Ach, und überhaupt: „Die ganz normale Liebe“ könnte auch ein Falco-Song sein (tatsächlich denken viele, Dagobert sei Österreicher), „Ich bin zu jung“ erinnert an „Just can‘t get enough“ von Depeche Mode und „Ich mag deine Freunde nicht“ ist schlicht ein großer, origineller Popsong. Was an diesem Abend aber auch auffällt: Die Auswahl für das Album ist sehr sensibel getroffen worden. Die Mitklatschnummer mit dem Refrain: „Oh, du bei mir mit ’ner Dose Bier/ hey, ich will auch eines“ hat man zurecht außen vor gelassen. Oder auch die Zugabe. „Die Menschheit wartet auf dich seit der Steinzeit“. Das trieft.

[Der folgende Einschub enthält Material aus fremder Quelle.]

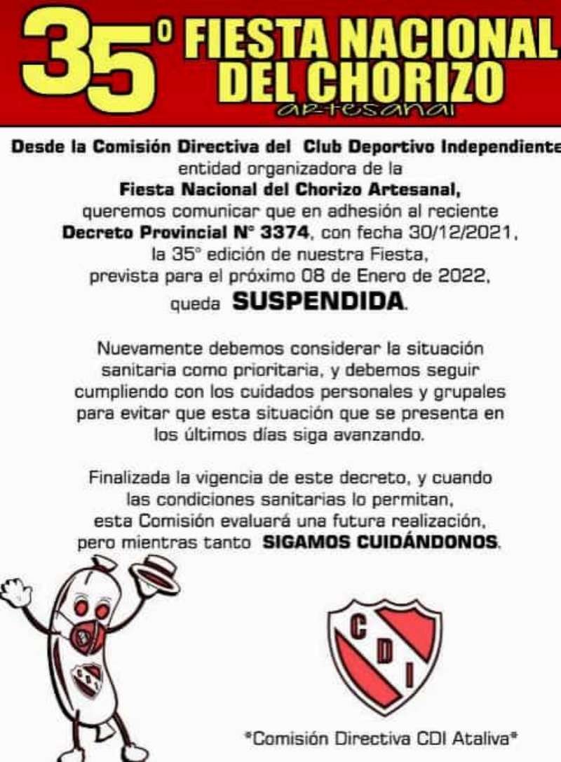 RegiónAtaliva Ataliva: Suspendieron la Fiesta del Chorizo 30/12/2021 Por Redacción SH 83 Compartir FacebookTwitterWhatsAppEmail Así lo informó en la tarde de hoy la organización del evento. Se debe a las recientes restricciones que fueron impulsadas desde la Provincia con carácter preventivo y que se extienden hasta fines de febrero. TemasatalivaFiesta del Chorizo Compartir FacebookTwitterWhatsAppEmail Relacionadas Ataliva y los 125 años de su escuela 18/09/2025 Ataliva y sus 125 años 16/09/2025 Ataliva y sus festejos Patronales 13/08/2025 Ultimas noticias Carnavales: Reprograman la segunda noche 15/02/2026 A 24 años de la creación del Taller «Alfa Centauro» 15/02/2026 A 11 años del ascenso de Unión al Federal A 15/02/2026

Universal hat eine sogenannte Option auf Dagobert behalten. Im Erfolgsfall könnte sein nächstes Album auf dem Major erscheinen. Oder das übernächste. Julian Krohn, der als A&R auch Lena betreut, ist dort sein Vertrauensmann. Dagobert könnte groß werden. Es wäre unerträglich.